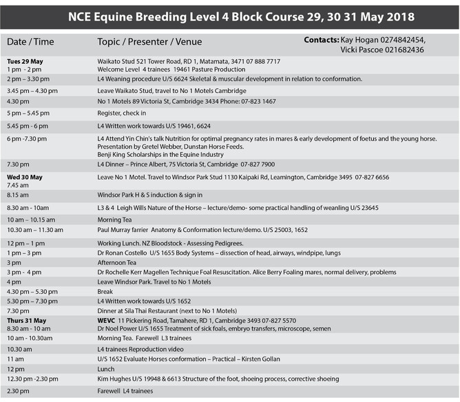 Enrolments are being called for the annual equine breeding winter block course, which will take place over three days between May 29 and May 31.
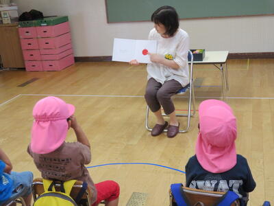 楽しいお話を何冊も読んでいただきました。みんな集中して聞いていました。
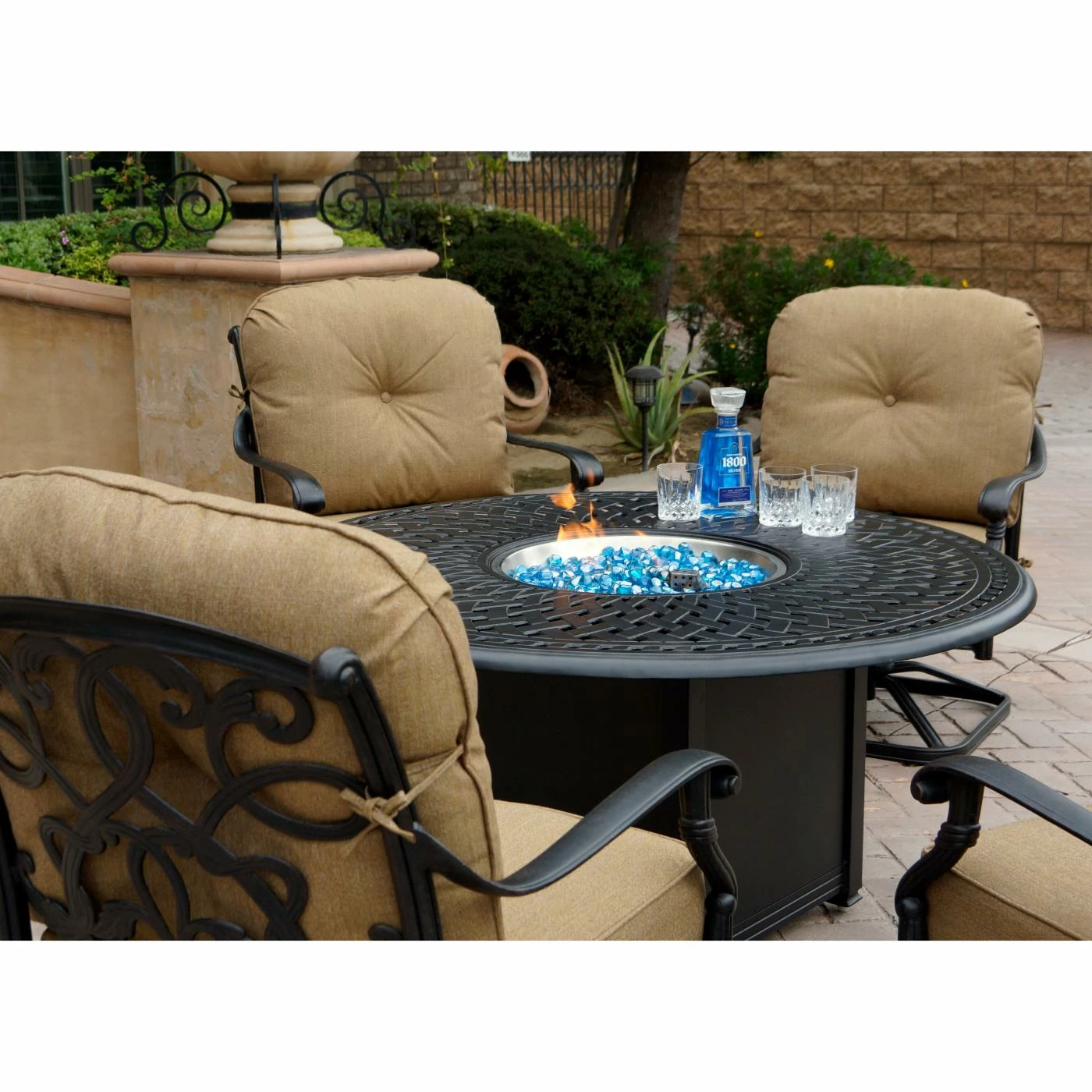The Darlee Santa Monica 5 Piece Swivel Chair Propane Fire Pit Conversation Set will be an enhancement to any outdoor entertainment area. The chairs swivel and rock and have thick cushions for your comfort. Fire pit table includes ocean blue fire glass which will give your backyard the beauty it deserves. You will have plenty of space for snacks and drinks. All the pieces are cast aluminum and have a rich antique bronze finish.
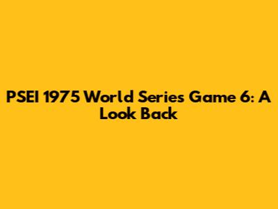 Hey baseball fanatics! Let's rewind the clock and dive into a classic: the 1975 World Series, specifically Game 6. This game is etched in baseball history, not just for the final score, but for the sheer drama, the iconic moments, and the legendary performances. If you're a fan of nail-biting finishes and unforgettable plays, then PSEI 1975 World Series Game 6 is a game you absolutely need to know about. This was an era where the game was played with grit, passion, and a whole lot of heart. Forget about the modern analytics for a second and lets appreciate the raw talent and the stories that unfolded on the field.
* * *
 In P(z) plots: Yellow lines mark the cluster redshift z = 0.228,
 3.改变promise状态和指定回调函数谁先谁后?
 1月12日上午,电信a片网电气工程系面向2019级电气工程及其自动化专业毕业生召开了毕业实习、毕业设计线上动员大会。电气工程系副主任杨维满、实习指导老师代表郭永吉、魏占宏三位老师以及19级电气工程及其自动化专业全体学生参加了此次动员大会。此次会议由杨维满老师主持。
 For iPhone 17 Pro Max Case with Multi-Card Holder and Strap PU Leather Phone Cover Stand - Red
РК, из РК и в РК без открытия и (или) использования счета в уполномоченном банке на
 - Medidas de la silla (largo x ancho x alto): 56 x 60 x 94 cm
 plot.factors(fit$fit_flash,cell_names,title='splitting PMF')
==
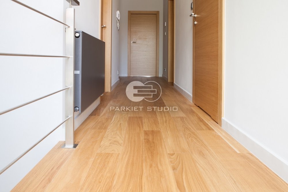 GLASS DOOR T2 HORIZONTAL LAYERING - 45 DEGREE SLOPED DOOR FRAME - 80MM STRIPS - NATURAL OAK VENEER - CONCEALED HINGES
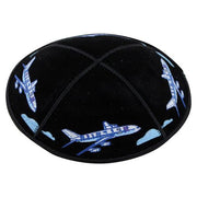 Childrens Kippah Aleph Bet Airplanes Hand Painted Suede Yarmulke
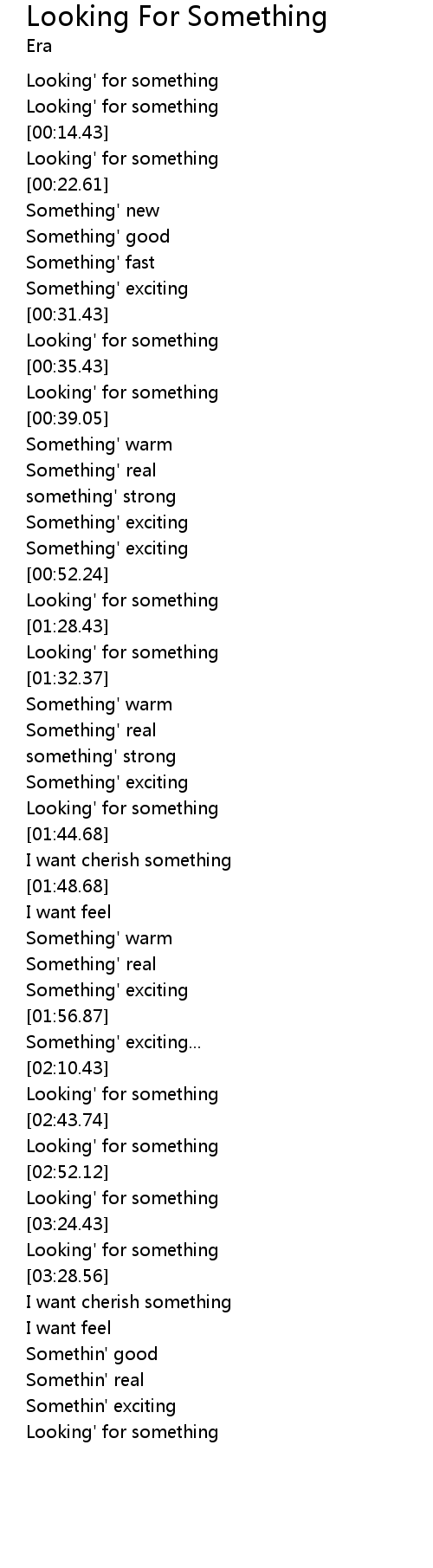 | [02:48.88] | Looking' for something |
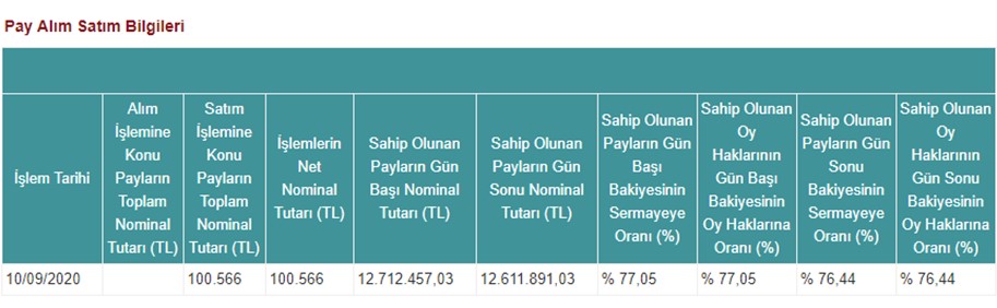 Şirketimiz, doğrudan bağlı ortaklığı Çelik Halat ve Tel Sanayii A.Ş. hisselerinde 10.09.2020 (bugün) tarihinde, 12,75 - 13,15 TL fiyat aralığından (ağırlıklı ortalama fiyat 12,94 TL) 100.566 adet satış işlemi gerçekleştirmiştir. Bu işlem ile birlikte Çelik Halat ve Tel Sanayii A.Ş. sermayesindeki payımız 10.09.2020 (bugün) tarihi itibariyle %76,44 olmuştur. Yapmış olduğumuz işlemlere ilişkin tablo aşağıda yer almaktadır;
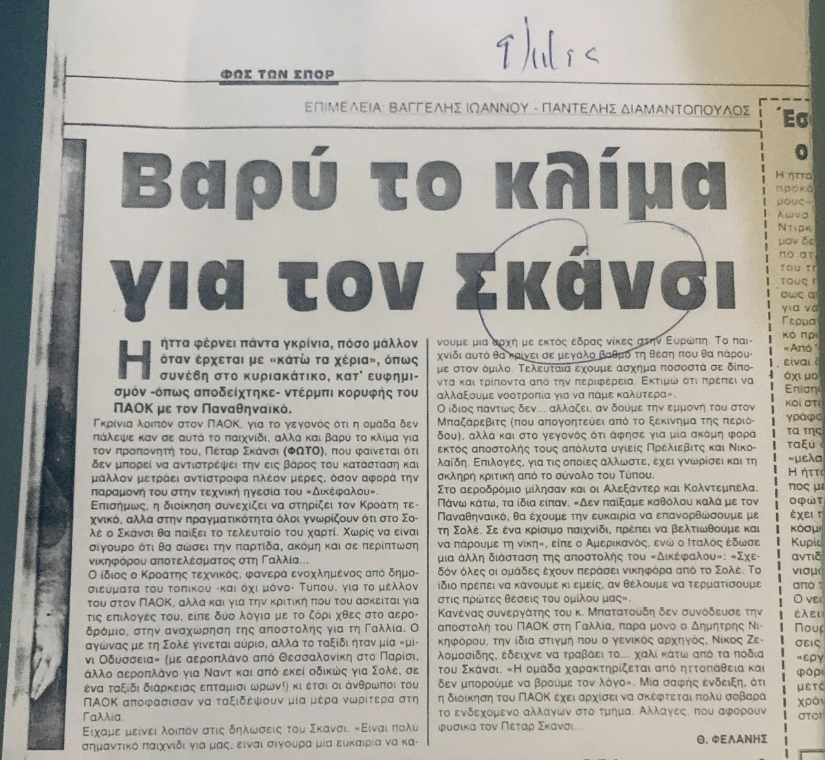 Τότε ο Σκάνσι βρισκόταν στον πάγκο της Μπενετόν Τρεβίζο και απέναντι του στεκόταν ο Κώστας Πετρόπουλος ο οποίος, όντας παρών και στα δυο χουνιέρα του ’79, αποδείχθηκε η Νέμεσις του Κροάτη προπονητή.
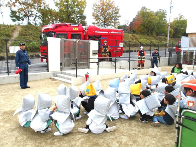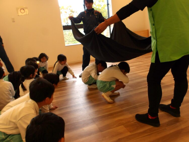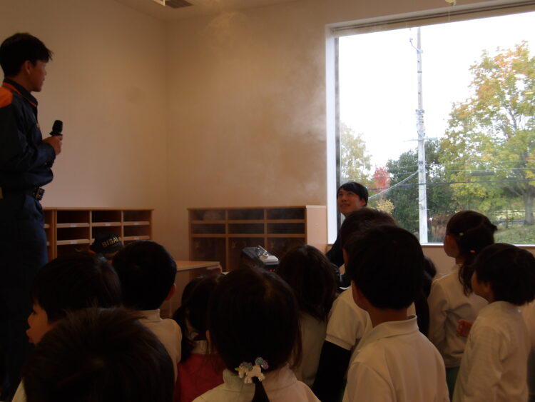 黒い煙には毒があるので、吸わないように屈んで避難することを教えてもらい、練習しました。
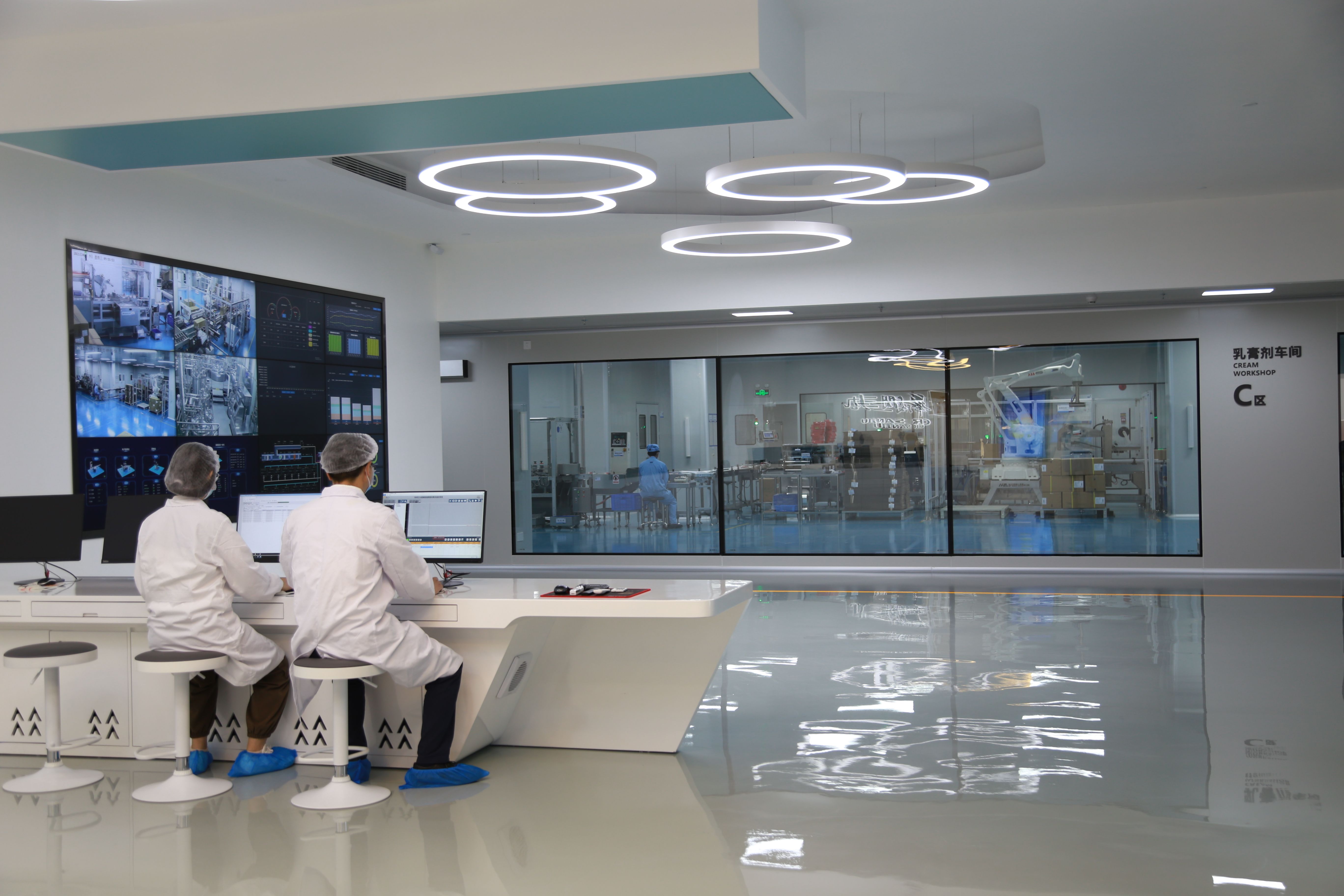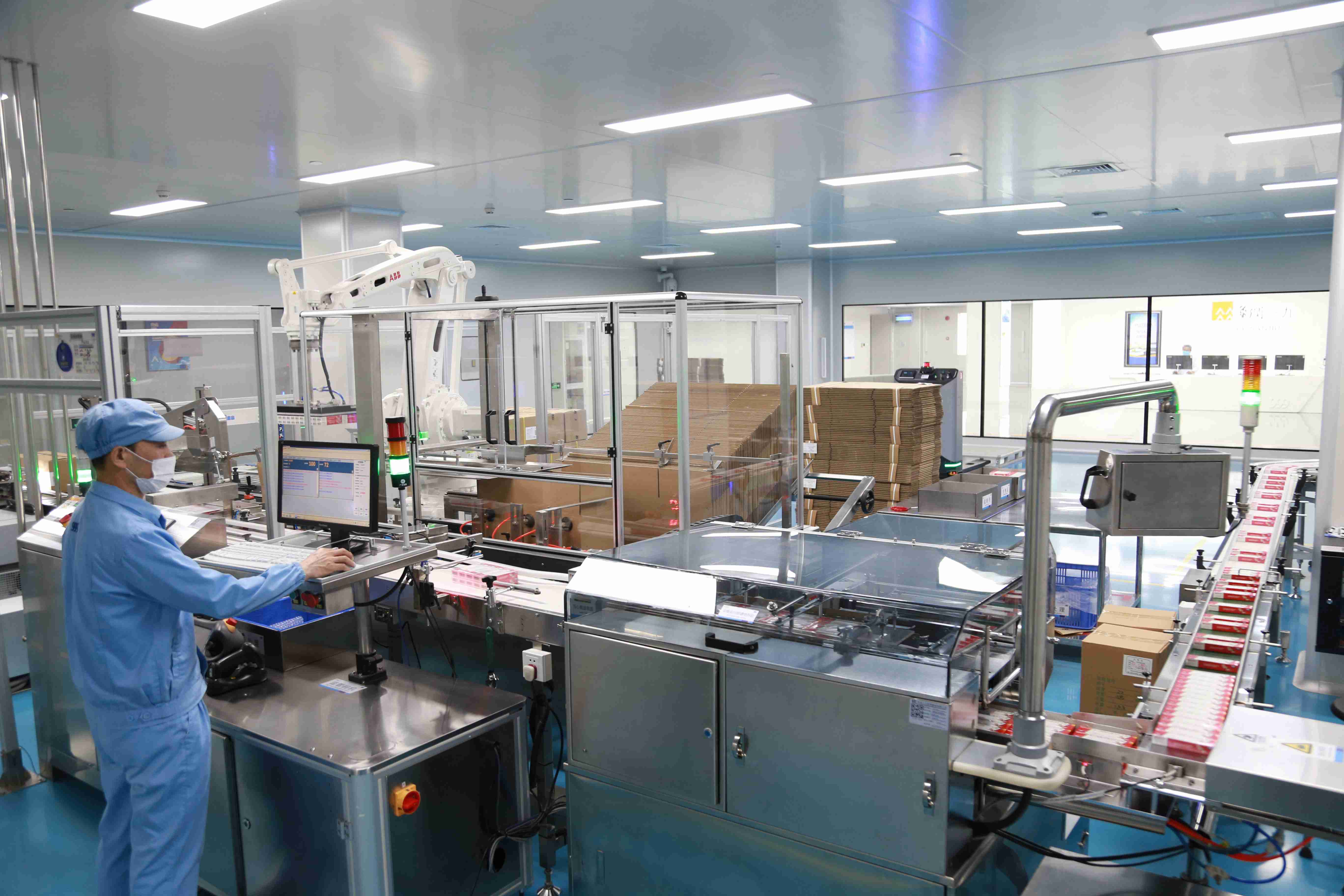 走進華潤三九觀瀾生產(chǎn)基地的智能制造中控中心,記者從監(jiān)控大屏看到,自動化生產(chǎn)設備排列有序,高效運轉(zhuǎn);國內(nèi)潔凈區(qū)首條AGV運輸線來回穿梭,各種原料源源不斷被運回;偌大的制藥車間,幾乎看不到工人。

▸ What you have to do
Working from the records above, set down word for word everything from the line containing "Şirketimiz, doğrudan bağlı" down to the line containing "走進華潤三九觀瀾生產(chǎ", ends included, minus the pictures.

▸ Written response
 Şirketimiz, doğrudan bağlı ortaklığı Çelik Halat ve Tel Sanayii A.Ş. hisselerinde 10.09.2020 (bugün) tarihinde, 12,75 - 13,15 TL fiyat aralığından (ağırlıklı ortalama fiyat 12,94 TL) 100.566 adet satış işlemi gerçekleştirmiştir. Bu işlem ile birlikte Çelik Halat ve Tel Sanayii A.Ş. sermayesindeki payımız 10.09.2020 (bugün) tarihi itibariyle %76,44 olmuştur. Yapmış olduğumuz işlemlere ilişkin tablo aşağıda yer almaktadır;
 Τότε ο Σκάνσι βρισκόταν στον πάγκο της Μπενετόν Τρεβίζο και απέναντι του στεκόταν ο Κώστας Πετρόπουλος ο οποίος, όντας παρών και στα δυο χουνιέρα του ’79, αποδείχθηκε η Νέμεσις του Κροάτη προπονητή.
 黒い煙には毒があるので、吸わないように屈んで避難することを教えてもらい、練習しました。
 走進華潤三九觀瀾生產(chǎn)基地的智能制造中控中心,記者從監(jiān)控大屏看到,自動化生產(chǎn)設備排列有序,高效運轉(zhuǎn);國內(nèi)潔凈區(qū)首條AGV運輸線來回穿梭,各種原料源源不斷被運回;偌大的制藥車間,幾乎看不到工人。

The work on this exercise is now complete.